[Start of Attachment]

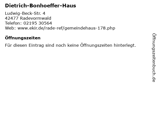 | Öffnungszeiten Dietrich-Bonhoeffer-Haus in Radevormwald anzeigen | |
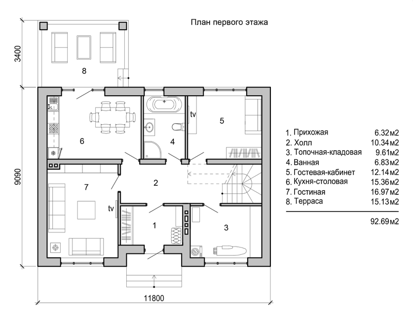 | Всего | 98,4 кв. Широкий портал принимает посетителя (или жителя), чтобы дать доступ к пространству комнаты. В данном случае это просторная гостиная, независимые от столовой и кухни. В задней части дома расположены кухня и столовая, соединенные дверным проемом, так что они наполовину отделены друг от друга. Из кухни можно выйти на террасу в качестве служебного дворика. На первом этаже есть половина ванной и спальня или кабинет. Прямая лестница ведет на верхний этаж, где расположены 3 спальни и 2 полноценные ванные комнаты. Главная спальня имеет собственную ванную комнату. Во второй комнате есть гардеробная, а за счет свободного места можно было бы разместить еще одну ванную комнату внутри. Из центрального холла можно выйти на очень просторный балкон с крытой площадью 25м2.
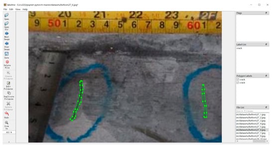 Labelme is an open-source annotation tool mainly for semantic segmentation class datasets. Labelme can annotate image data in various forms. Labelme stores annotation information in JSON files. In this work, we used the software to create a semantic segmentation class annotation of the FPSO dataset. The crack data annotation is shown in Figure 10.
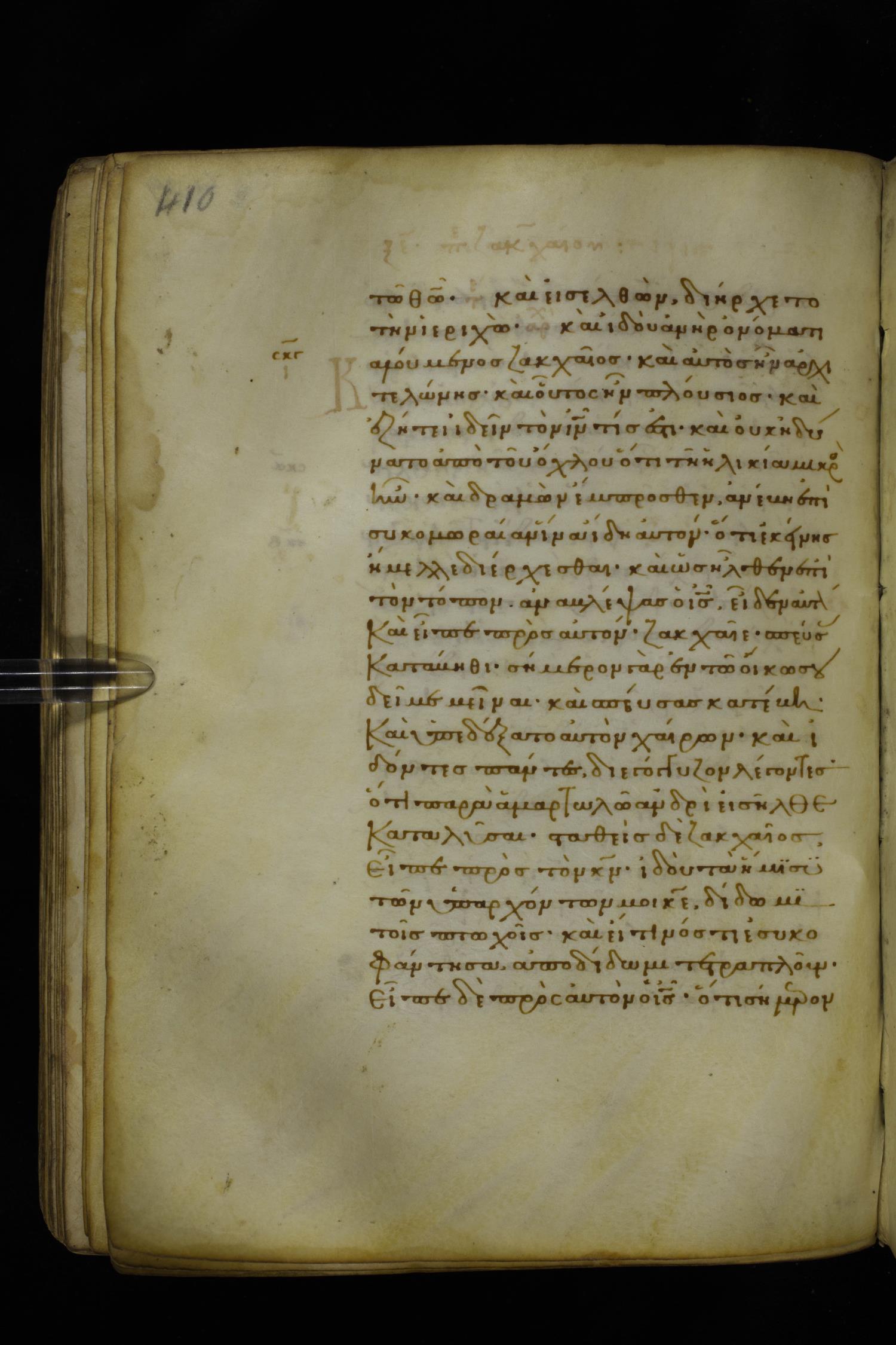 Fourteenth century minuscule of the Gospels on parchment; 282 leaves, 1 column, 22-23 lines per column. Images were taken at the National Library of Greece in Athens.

[End of Attachment]
[Start of Attachment]

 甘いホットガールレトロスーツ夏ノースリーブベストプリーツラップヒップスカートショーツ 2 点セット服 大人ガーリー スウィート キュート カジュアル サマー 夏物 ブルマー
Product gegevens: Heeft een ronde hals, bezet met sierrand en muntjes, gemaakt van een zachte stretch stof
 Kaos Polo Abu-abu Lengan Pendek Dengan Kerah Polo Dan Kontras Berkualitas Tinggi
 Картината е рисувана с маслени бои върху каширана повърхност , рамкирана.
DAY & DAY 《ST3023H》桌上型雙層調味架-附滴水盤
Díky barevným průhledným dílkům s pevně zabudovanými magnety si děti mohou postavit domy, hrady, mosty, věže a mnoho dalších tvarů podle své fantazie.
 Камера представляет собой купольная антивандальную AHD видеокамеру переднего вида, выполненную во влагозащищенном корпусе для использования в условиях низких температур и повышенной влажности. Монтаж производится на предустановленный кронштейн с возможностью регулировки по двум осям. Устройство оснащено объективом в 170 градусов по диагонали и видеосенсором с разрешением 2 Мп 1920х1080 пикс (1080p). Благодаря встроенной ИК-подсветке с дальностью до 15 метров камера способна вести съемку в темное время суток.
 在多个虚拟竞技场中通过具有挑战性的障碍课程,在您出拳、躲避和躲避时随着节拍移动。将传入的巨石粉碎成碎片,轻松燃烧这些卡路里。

[End of Attachment]

Transcribe, from the material above, the stretch starting at the line with "Labelme is an" and ending at the line with "Fourteenth century minuscule", both included, exactly. Do not carry over pictures.

Problem solution:
 Labelme is an open-source annotation tool mainly for semantic segmentation class datasets. Labelme can annotate image data in various forms. Labelme stores annotation information in JSON files. In this work, we used the software to create a semantic segmentation class annotation of the FPSO dataset. The crack data annotation is shown in Figure 10.
 Fourteenth century minuscule of the Gospels on parchment; 282 leaves, 1 column, 22-23 lines per column. Images were taken at the National Library of Greece in Athens.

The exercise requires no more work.